In today’s increasingly digital world, ransomware attacks have become one of the most devastating cyber threats, targeting everything from personal laptops to hospital servers and financial institutions. Seeing how ransomware can paralyze systems, leak sensitive data, and demand heavy ransoms, we felt compelled to build something proactive, intelligent, and affordable. This led to the birth of RANSec, a real-time ransomware detection and response system built for everyday users and small businesses, not just tech giants. How We Built It RANSec is a multi-layered system built using: Python for backend scripting and file behavior monitoring. TensorFlow for training an ML model that detects suspicious file activity. Flask to serve a sleek, real-time dashboard. System Hooks and Watchdog API to monitor key folders and trigger alerts. Browser Automation to auto-launch the dashboard on detection. SQLite & JSON logs to store file behavior and attack history.

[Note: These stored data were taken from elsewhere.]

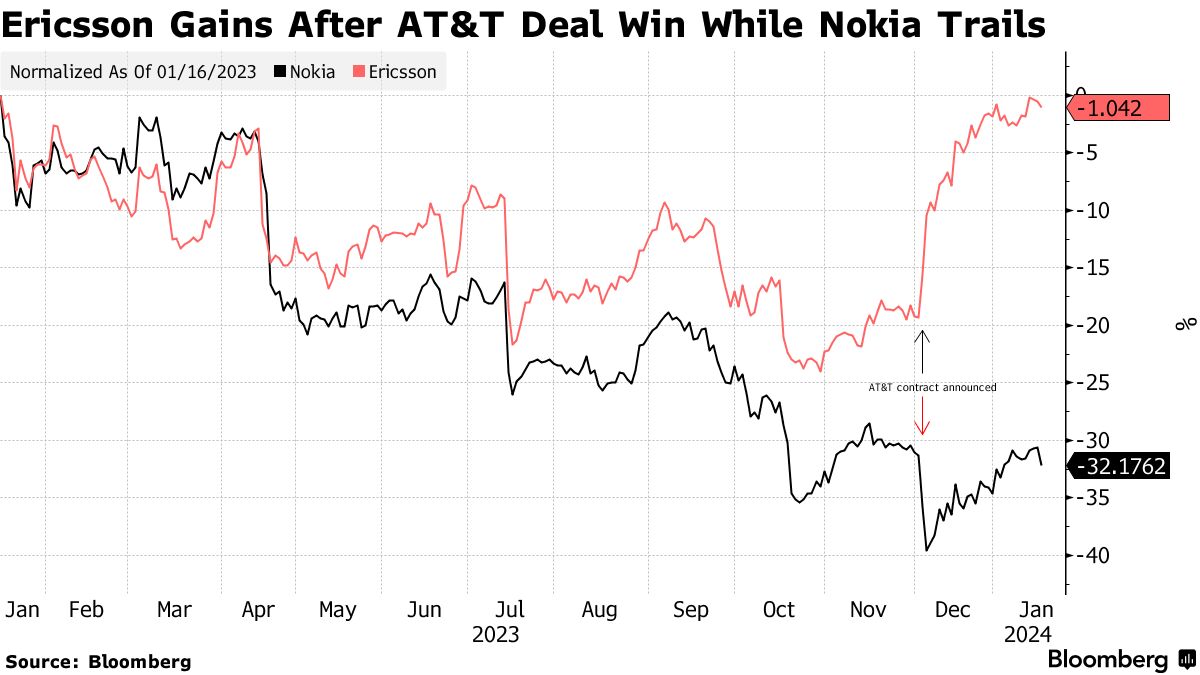 **星期四:**诺基亚(NOKIA FH)2024年的预测将成为其第四季度报告中最受追捧的项目,因为这家芬兰公司表示,它将错过去年的目标。随着运营商推迟对5G技术的支出,销售的阻力一直在增加,因此诺基亚将不得不实现“雄心勃勃”的成本削减,以保持投资者的支持,彭博社称。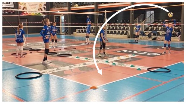 L’idée de cet exercice est de jouer au-dessus de l’élastique avec une intention précise ; dans l’exercice 4, on était dans l’optique de viser une zone ; dans le 5 on est plutôt dans l’optique tactique d’éviter une zone. On va travailler le fait de produire une trajectoire qui arrive à un endroit où le joueur n’est pas.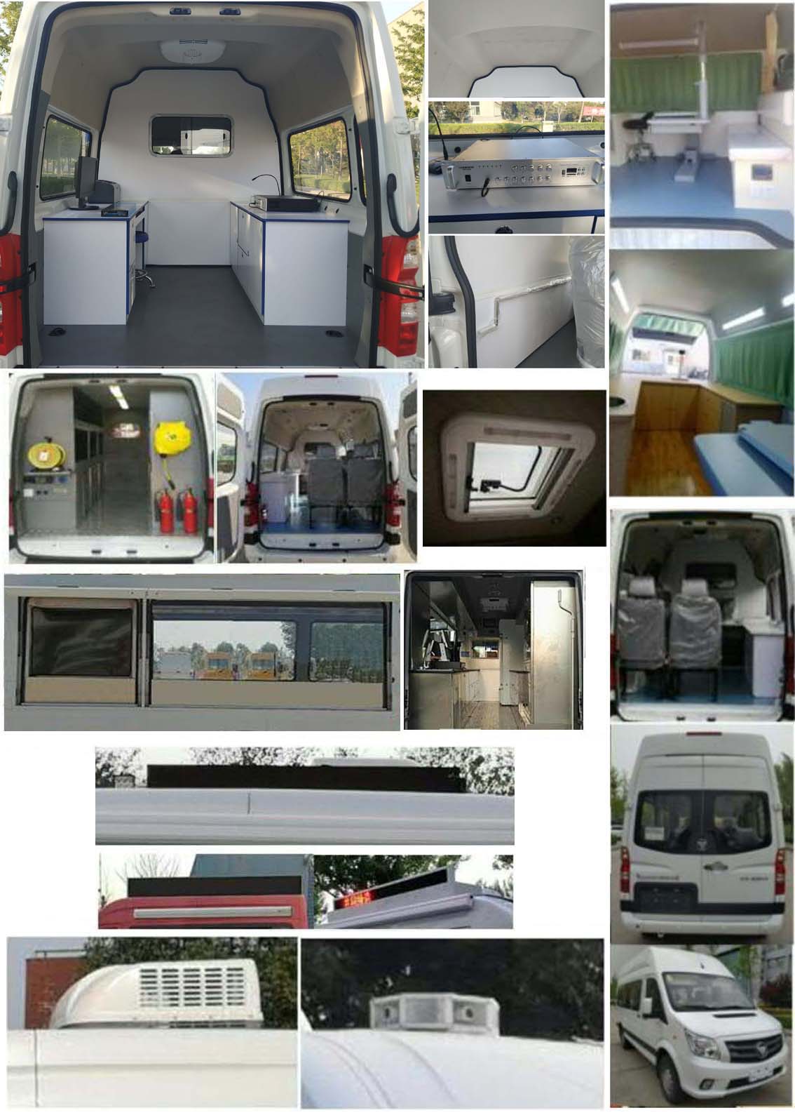 1、随基础车选装前雾灯、平推窗、铝轮、轮罩、轴头盖、倒车雷达、电动外挂侧滑门踏板、前格栅和保险杠颜色、后视镜、中高顶、270度后开门门铰链.2、选用发动机最大净功率为109kW.3、ABS系统控制器型号/生产企业:YF8/武汉元丰汽车电控系统有限公司.4、车辆装备工作台,储物柜,办公设备,供电系统等流动服务设施.选装遮阳蓬、工具舱、地环、线缆盘、器材架、有机玻璃办公窗、液晶电视、显示器、摄像系统、LED显示屏、车身两侧上掀门、上掀窗、顶置空调、独立底置空调、顶置喇叭、换气扇、逆变器等电器设备、车身两侧及后部选装车外照明灯、车尾可选装爬梯.5、车顶可不选装工作平台(中顶车高2445mm,高顶车高2640mm,超高顶车高2693mm);选装顶置空调(中顶车高2740mm,高顶车高2935mm,超高顶车高2988mm);选装LED屏、顶置喇叭、换气扇(中顶车高2610mm,高顶车高2805mm,超高顶车高2858mm);中顶车整备质量2600kg,高顶车整备质量2750kg.6、该车型可选装ETC车载装置. |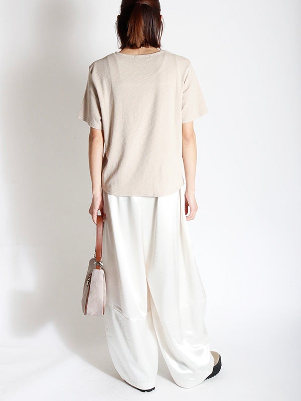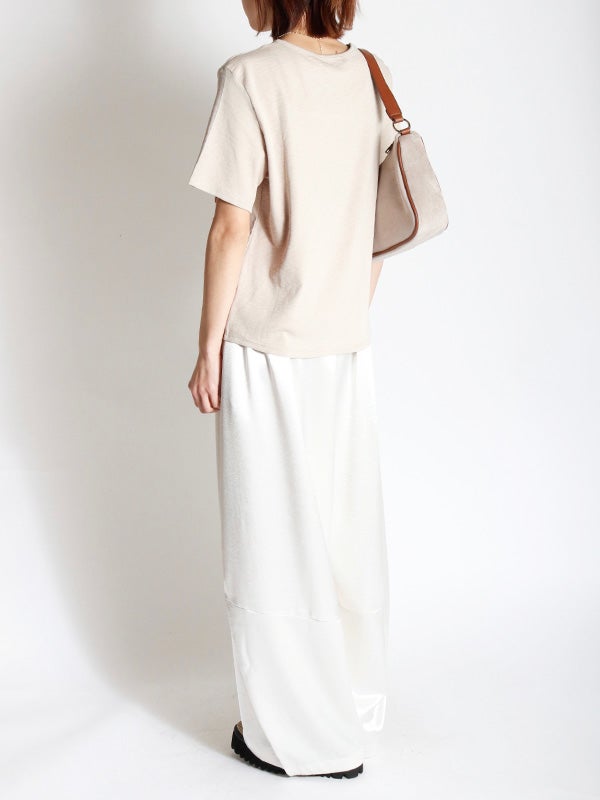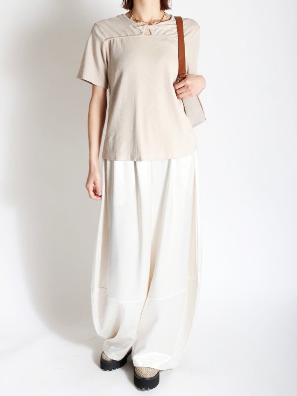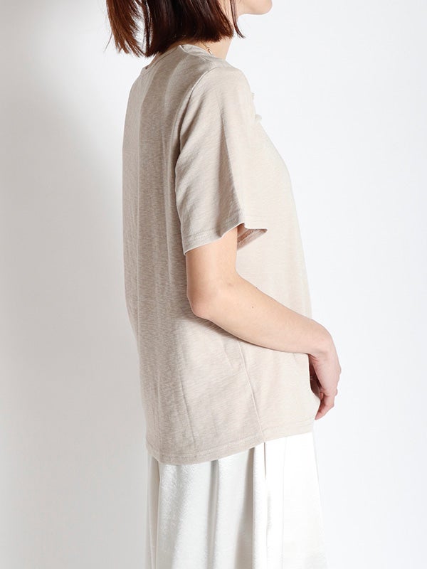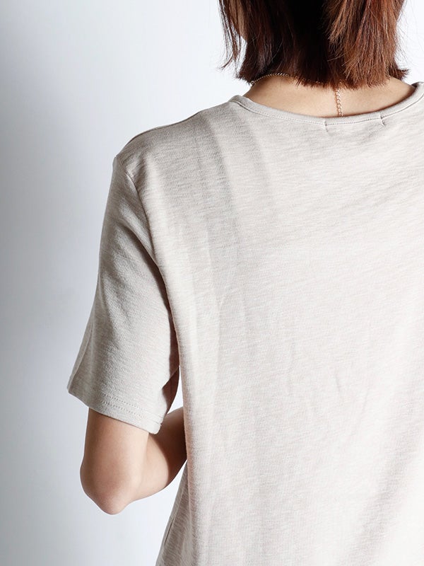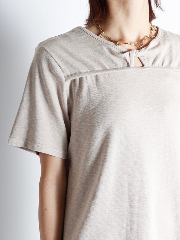 首元のディテールが目を惹くデザインTシャツ。デコルテを綺麗に見せる開きのあるネックラインが、ヘルシーな女性らしさを演出。体のラインを拾いすぎない、程よくゆとりのあるボックスシルエットです。イン・アウトどちらの着こなしもバランス良くまとまる絶妙な丈感で、ジャケットやカーディガン、キャミワンピースのインナーとしても対応可能なデザイン。ストレッチ性にも優れており、柔らかな肌馴染みでデイリーユースに最適のTシャツです。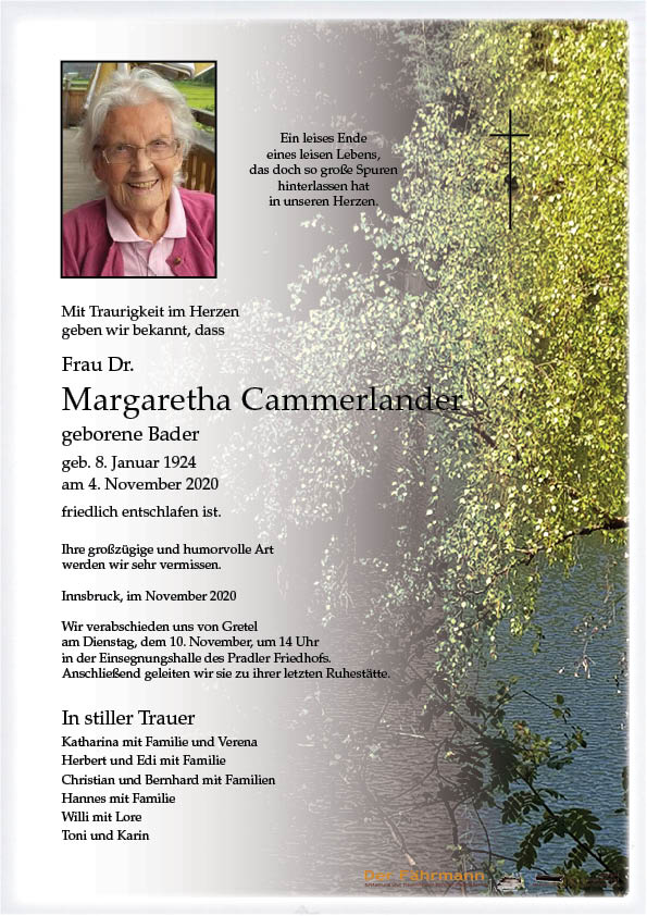 Cammerlander Margaretha 08.01.1924 04.11.2020 Innsbruck Beisetzungs-Ort: Pradler Friedhof Parte Gedenkkerzen Kondolenzen Parte downloaden Gedenkkerzen für Cammerlander Margaretha 11 Einträge Kerze anzünden In Erinnerung Fam. Pesendorfer Rosmarie Acherer Fam. Geiger aus Reutte Ruhe in Frieden Ruh in Frieden in liebevoller Erinnerung Lore und Willi Ruhe in Frieden Annemarie Vögele mit Familie In lieber und dankbarer Erinnerung Hannes und Katrin In stillem Gedenken Michaela und Bernhard 🦋 eine gute Überfahrt Bestattung DER FÄHRMANN Eine Kerze für Cammerlander Margaretha Ihr Name* Ihre Nachricht oder Name* E-Mail-Adresse* Mit dem Klicken auf "Kerze anzünden" erklären Sie sich mit unseren Datenschutzbestimmungen einverstanden. Kondolenzbuch für Cammerlander Margaretha 0 Einträge Kondolenz verfassen Ihr Abschiedsgruß an Cammerlander Margaretha Ihr Name* E-Mail-Adresse* Ihre Nachricht* Mit dem Klicken auf "Gruß absenden" erklären Sie sich mit unseren Datenschutzbestimmungen einverstanden. Cammerlander Margaretha 08.01.1924 – 04.11.2020 Parte Gedenkkerzen Kondolenzen Kerze anzünden Kondolenz verfassen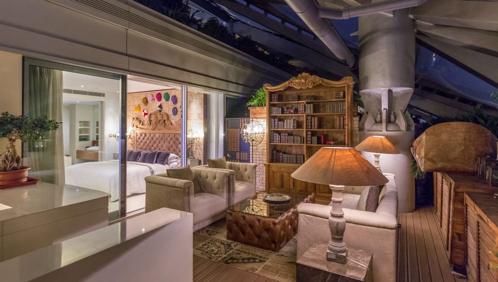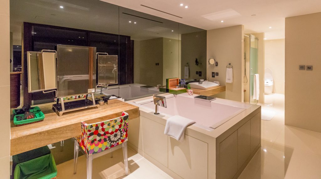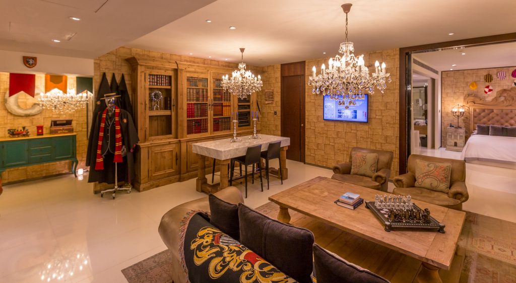 The lagoon suites all have a 5-meter outdoor swimming pool on the terrace. Some have a Jacuzzi but they are all differently themed. Other rooms include (see the gallery below and the movie too) a Harry Potter room, a Miami suite, Classic Sports room or even a Star Wars room with a life-size Stormtrooper. I didn’t see the last room and I regret that as I’m a huge Star Wars fan!
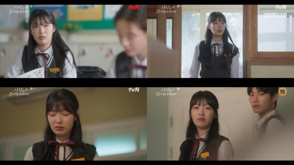 지난 8일 방송된 tvN 토일드라마 ‘사랑은 외나무다리에서’ 6화에서는 친한 친구 고해수와 심화반 문제를 두고 갈등을 빚는 김유미의 모습이 그려졌다.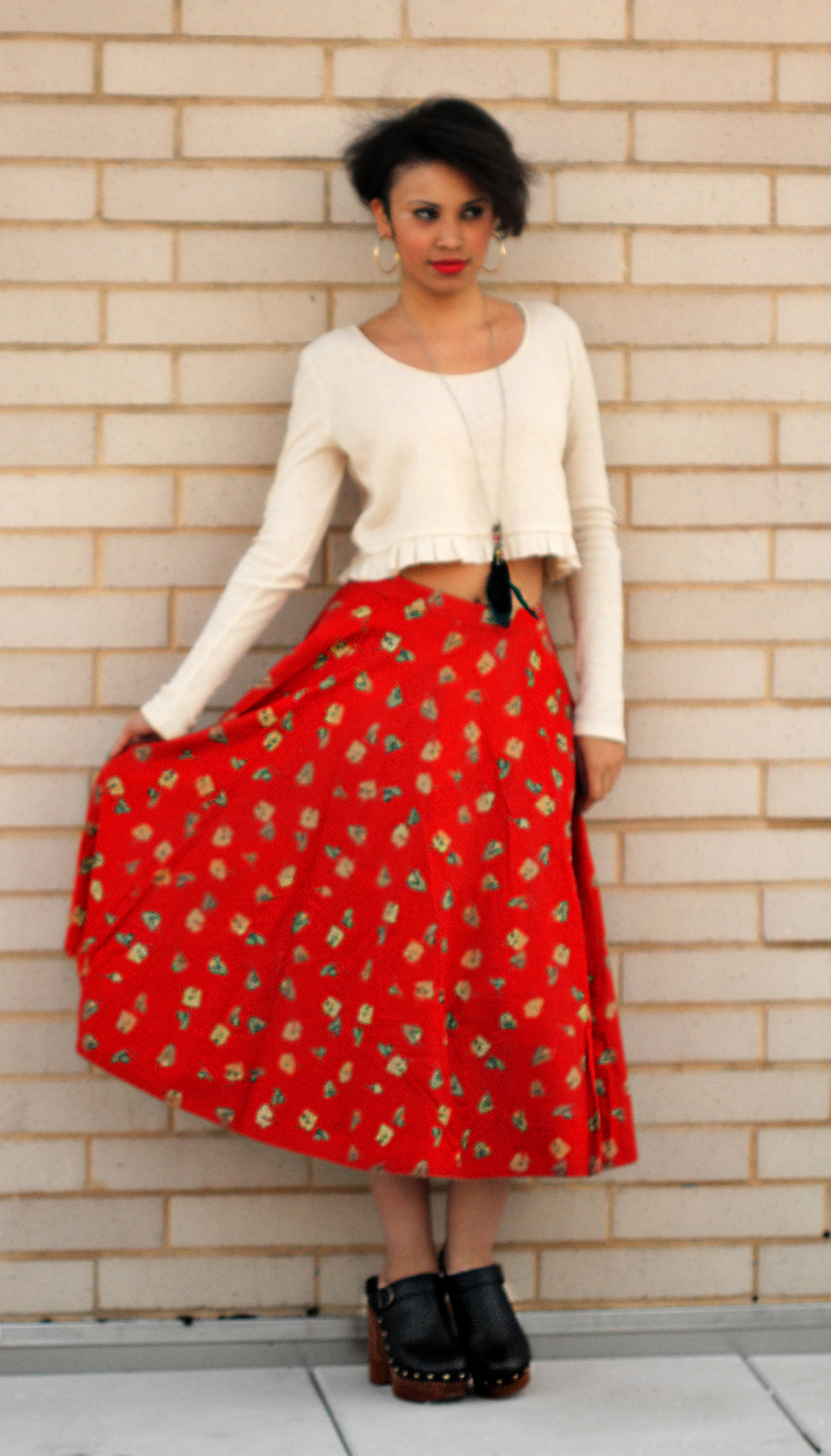 I had a good time in Free People this past weekend…maybe a little too good! hehe They had great items on their sale rack plus an additional 10% all sale items! RING DING! I smell a bah-gain! I purchased this thermal ruffle crop top and  “Loving Fall” skirt for a total of $37! I added a feather necklace a gift from the BF and some JC clogs.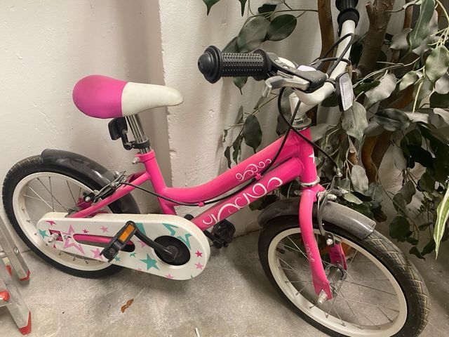Bicicleta infantil de color rosa, ideal para los más pequeños. - Diseño llamativo con estrellas. - Sillín bicolor (rosa y blanco).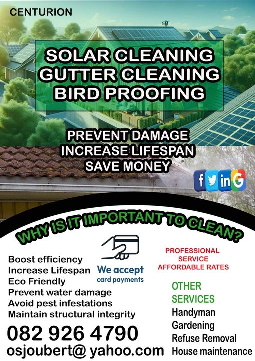 Solar cleaning and maintenance.Garden services.Moving.Handyman.+27 82 926 4790view more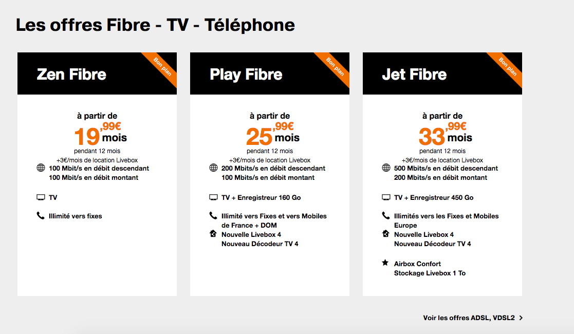 Pire encore d’après le DG d’Iliad et cela est facilement vérifiable, Orange omet d’afficher le prix de son abonnement hors promotion dans sa boutique en ligne. A la place, la mention « à partir de » devient légion. A aucun moment il n’est donc précisé la hausse du prix de l’abonnement au bout de 12 mois. Pour le savoir, il faut donc cliquer sur l’offre.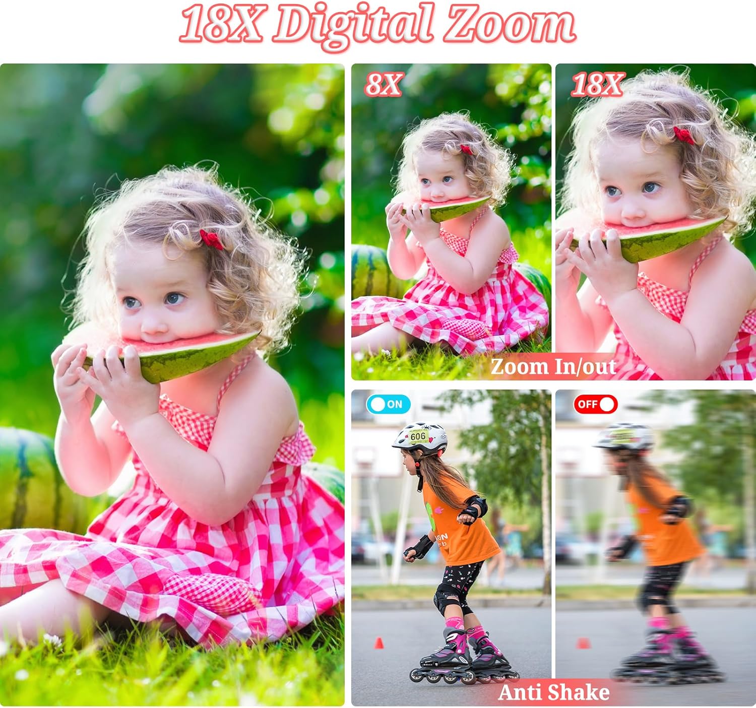 AUTO FOCUS&18X DIGITAL ZOOM- Customize your photos with the 18X zoom function, allowing you to capture objects in the distance with precision. Explore several creative filter effects, such as Vintage and Black/White, to add a unique touch to your pictures. With features like anti-shake, webcam, auto-focus, continuous shooting, and self-timer, the possibilities are endless

We integrated the system to start automatically at system boot, keep an eye on critical directories, and respond instantly to suspicious behavior — all with live logs, quarantine options, and notifications What We Learned How ransomware operates at a file system level, such as rapid encryption patterns and extension hijacking. Building lightweight ML models for file behavior classification. Handling cross-platform compatibility issues when dealing with real-time file monitoring and autorun services. Crafting a simple but effective UI to make a technical product usable for non-technical users.

We also dived deep into threat modeling, data labeling for anomaly detection, and working with startup-like product architecture under time constraints.

Challenges We Faced 1. Real-time Monitoring Overhead Ensuring the file system monitor ran efficiently in the background without slowing down the system was a core technical challenge. 2. False Positives Early versions of our model falsely flagged system updates and antivirus activity. We tuned the model and introduced rule-based filtering to reduce this. 3. Auto-start on Boot (macOS and Windows) Implementing cross-platform startup automation and ensuring persistent background monitoring took considerable low-level scripting and testing. 4. Data Collection & Simulation Getting safe ransomware samples and creating a synthetic dataset without risking real infection required controlled environments and a lot of simulated attack data generation.

RANSec isn’t just a hackathon project — it’s our step toward democratizing cybersecurity with AI.